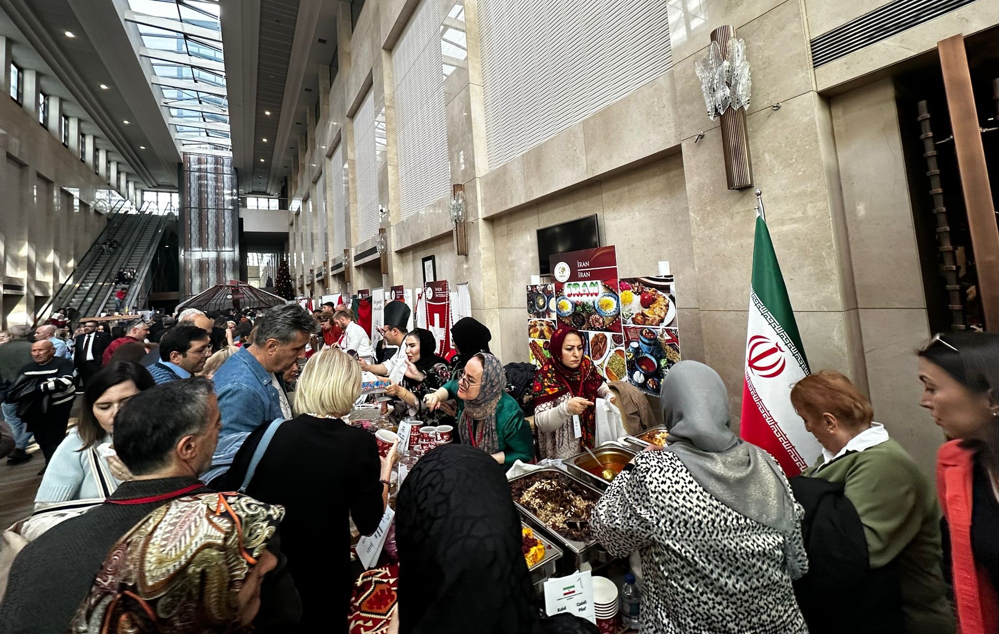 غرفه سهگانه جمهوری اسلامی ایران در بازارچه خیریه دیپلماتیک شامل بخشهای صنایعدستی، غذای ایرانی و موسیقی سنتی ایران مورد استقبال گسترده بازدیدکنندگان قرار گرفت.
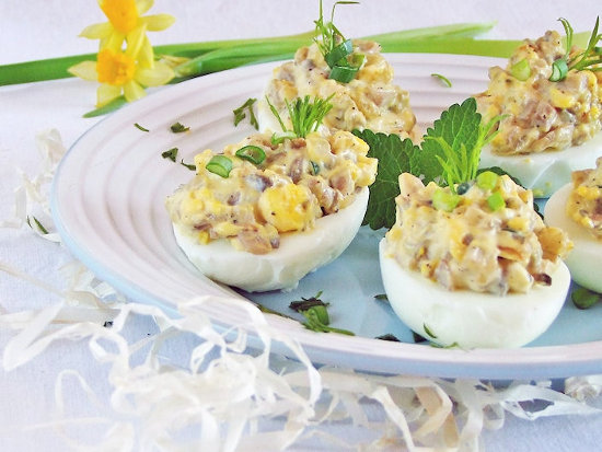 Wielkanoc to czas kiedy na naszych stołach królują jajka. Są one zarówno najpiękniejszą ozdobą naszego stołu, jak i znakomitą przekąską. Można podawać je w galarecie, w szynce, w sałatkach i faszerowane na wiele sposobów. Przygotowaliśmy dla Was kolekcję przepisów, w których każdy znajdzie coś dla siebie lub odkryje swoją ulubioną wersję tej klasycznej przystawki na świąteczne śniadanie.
----
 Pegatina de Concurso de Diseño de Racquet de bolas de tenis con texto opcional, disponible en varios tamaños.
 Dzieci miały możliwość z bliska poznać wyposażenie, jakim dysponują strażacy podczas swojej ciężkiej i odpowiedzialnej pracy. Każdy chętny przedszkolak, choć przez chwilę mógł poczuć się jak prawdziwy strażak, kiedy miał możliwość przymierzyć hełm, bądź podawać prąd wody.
----
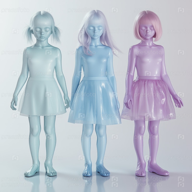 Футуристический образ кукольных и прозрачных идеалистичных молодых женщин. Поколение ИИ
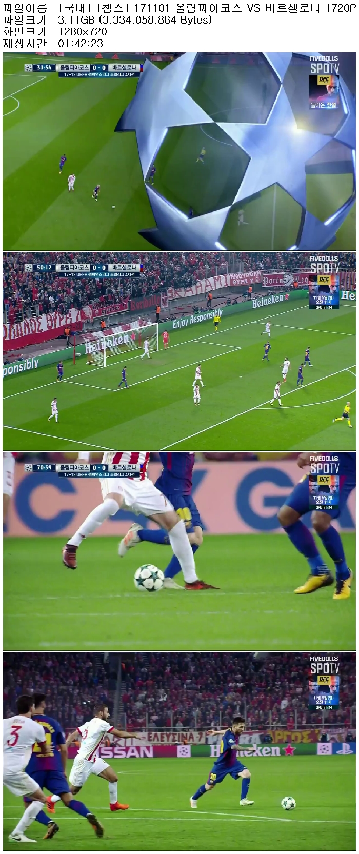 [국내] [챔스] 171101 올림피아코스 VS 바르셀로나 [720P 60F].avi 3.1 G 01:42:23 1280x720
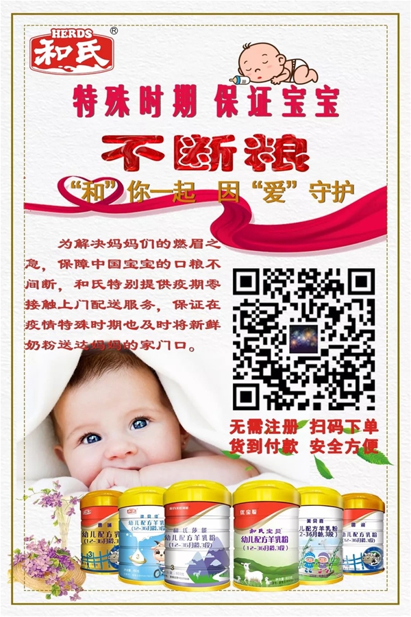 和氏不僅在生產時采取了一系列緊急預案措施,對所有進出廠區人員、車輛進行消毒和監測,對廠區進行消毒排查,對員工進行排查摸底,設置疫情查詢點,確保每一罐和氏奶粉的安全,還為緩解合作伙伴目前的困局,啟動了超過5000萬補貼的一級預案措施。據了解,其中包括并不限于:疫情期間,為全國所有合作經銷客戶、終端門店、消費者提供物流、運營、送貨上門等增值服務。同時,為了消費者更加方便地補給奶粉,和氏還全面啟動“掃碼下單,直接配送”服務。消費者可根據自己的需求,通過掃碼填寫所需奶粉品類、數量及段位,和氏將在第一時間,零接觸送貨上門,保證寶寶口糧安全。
----
■ Aim of the exercise ■
From the material above, reproduce only what runs from the line holding "غرفه سهگانه جمهوری" down to the line holding "Wielkanoc to czas", both included, pictures excluded.

■ Your response ■
 غرفه سهگانه جمهوری اسلامی ایران در بازارچه خیریه دیپلماتیک شامل بخشهای صنایعدستی، غذای ایرانی و موسیقی سنتی ایران مورد استقبال گسترده بازدیدکنندگان قرار گرفت.
 Wielkanoc to czas kiedy na naszych stołach królują jajka. Są one zarówno najpiękniejszą ozdobą naszego stołu, jak i znakomitą przekąską. Można podawać je w galarecie, w szynce, w sałatkach i faszerowane na wiele sposobów. Przygotowaliśmy dla Was kolekcję przepisów, w których każdy znajdzie coś dla siebie lub odkryje swoją ulubioną wersję tej klasycznej przystawki na świąteczne śniadanie.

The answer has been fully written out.